* TASK TO COMPLETE *
Could you restate word for word every line from the one containing "Garlnd W/leather Tassels" to the end of the data below, pictures excluded?

* SOURCE DATA *
────────────────────

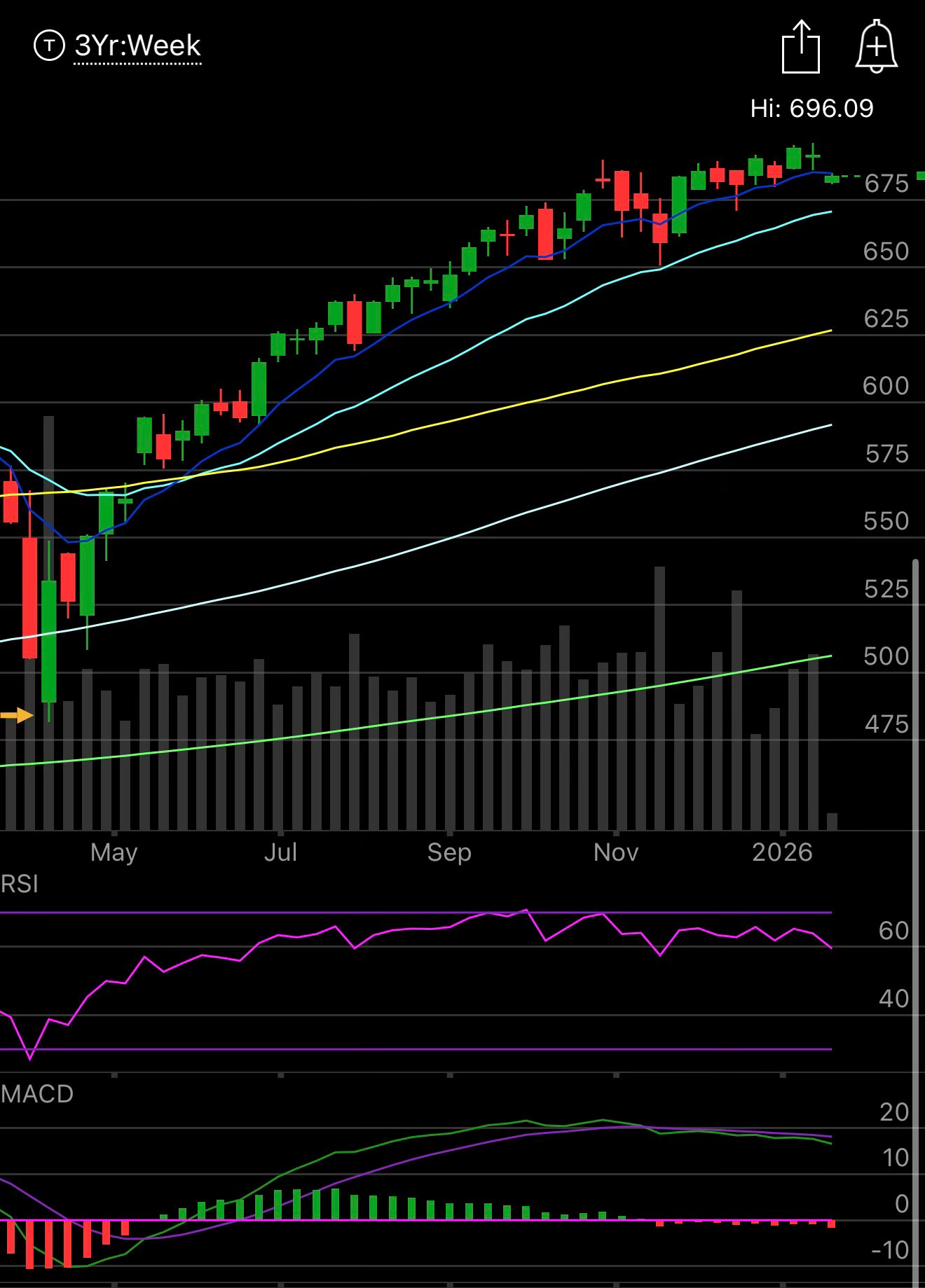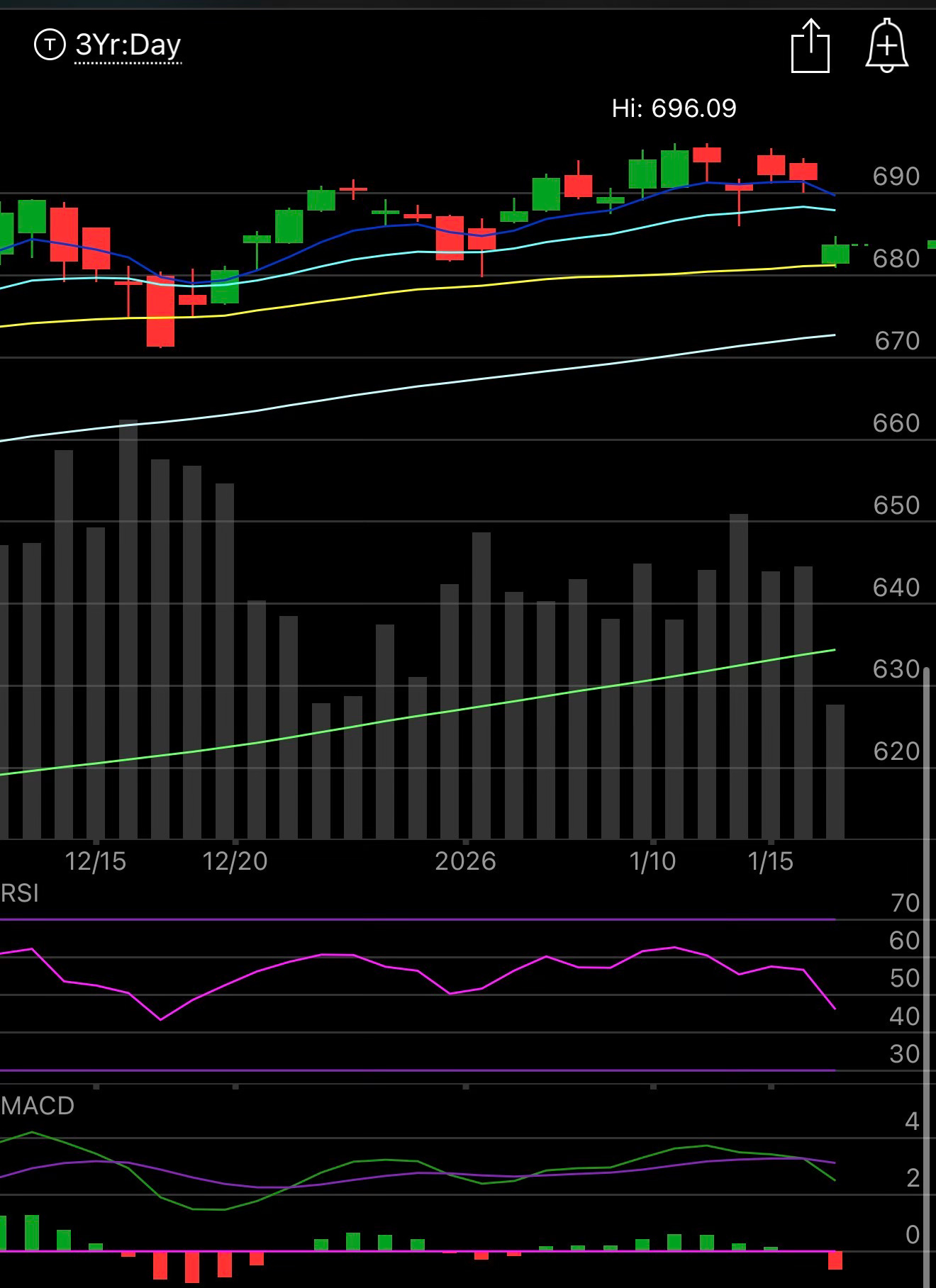 The SPY gapped down big overnight on a myriad of things from an escalation in the Tariff war with Europe to Japanese rates rising. So far the they bought the dip right off the 50 day and we need to make a sharp move back higher before we get a bearish 8/21 ema cross down. The market has been trading heavy, we’ve gone sideways for a few months mostly and now this could be the beginning of something more. On one hand you always have to worry with Trump in office as Greenland is warning residents to prepare for invasion now, but on the other hand Trump is in a pickle where he has built his entire persona on the stock market being representative of his economy and every serious move down he backs off his initial plan and saves stocks. So while we could have a small bumpy period here as who knows what is coming with this Greenland takeover, at the end of the day as we’ve seen over the years, Trump chooses to make stocks go up over anything else and with midterms 10 months away, the last thing he wants is his market to suffer for a prolonged period.
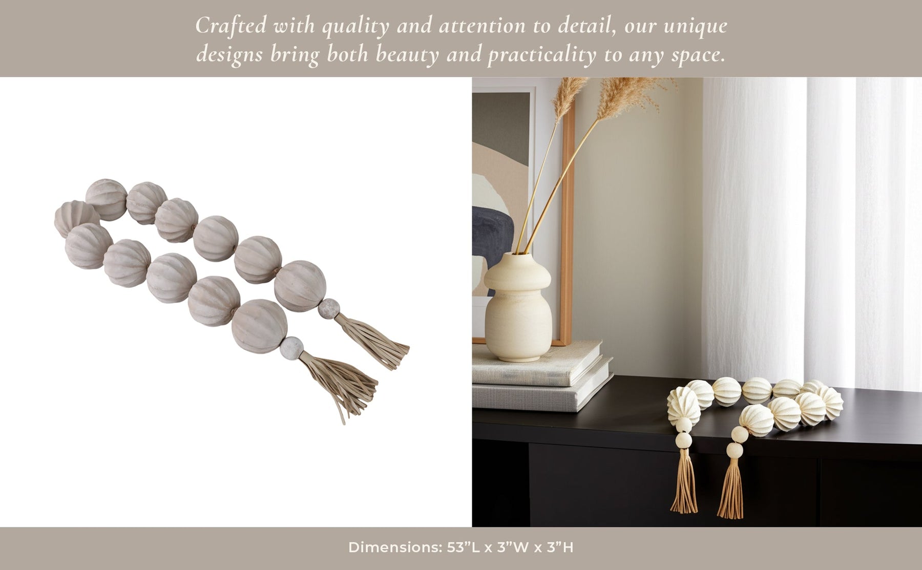 53"newbrdge Taupe Eco-mix Garlnd W/leather Tassels
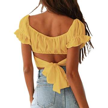 Introducing the LYANER Women's Ruffle Short Sleeve Tie Up Back Crop Top, a stunning addition to your wardrobe designed to blend comfort with elegance. This versatile crop top features a playful ruffle cuff and a v neckline, allowing you to wear it either as an off shoulder or as a classic scoop neck. With its delightful self-tie bow knot at the back, this yellow crop top adds an element of fun to your outfit while maintaining an air of sophistication.
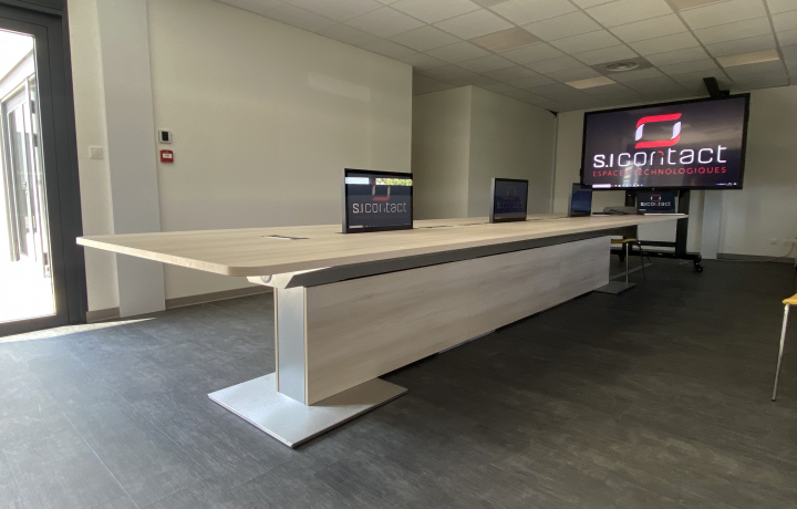 Pour réponde à cette demande, notre équipe est intervenue sur la préconisation du mobilier du système de visioconférence ainsi que sur l’affichage. Tout d’abord une table sur-mesure a été créée afin de pouvoir s’adapter à la longueur de la salle mais également pour y prévoir l’emplacement des écrans secondaires. Ces écrans motorisés double-face sont encastrés en milieu de table afin de pouvoir les faire sortir automatiquement et à volonté. Ils permettent d’avoir un retour écran du NEWLINE 85“ afin que pendant les formations notamment les participants aient une parfaite vision de ce qui est partagé dans les moindres détails. Un système de Visioconférence a également été installé pour les réunions avec des personnes à distance. Pour avoir la possibilité d’utiliser plusieurs plateformes, c’est la barre de visioconférence UVC40-BYOD de YEALINK qui a été Installé.

────────────────────

* WRITTEN ANSWER *
 53"newbrdge Taupe Eco-mix Garlnd W/leather Tassels
 Introducing the LYANER Women's Ruffle Short Sleeve Tie Up Back Crop Top, a stunning addition to your wardrobe designed to blend comfort with elegance. This versatile crop top features a playful ruffle cuff and a v neckline, allowing you to wear it either as an off shoulder or as a classic scoop neck. With its delightful self-tie bow knot at the back, this yellow crop top adds an element of fun to your outfit while maintaining an air of sophistication.
 Pour réponde à cette demande, notre équipe est intervenue sur la préconisation du mobilier du système de visioconférence ainsi que sur l’affichage. Tout d’abord une table sur-mesure a été créée afin de pouvoir s’adapter à la longueur de la salle mais également pour y prévoir l’emplacement des écrans secondaires. Ces écrans motorisés double-face sont encastrés en milieu de table afin de pouvoir les faire sortir automatiquement et à volonté. Ils permettent d’avoir un retour écran du NEWLINE 85“ afin que pendant les formations notamment les participants aient une parfaite vision de ce qui est partagé dans les moindres détails. Un système de Visioconférence a également été installé pour les réunions avec des personnes à distance. Pour avoir la possibilité d’utiliser plusieurs plateformes, c’est la barre de visioconférence UVC40-BYOD de YEALINK qui a été Installé.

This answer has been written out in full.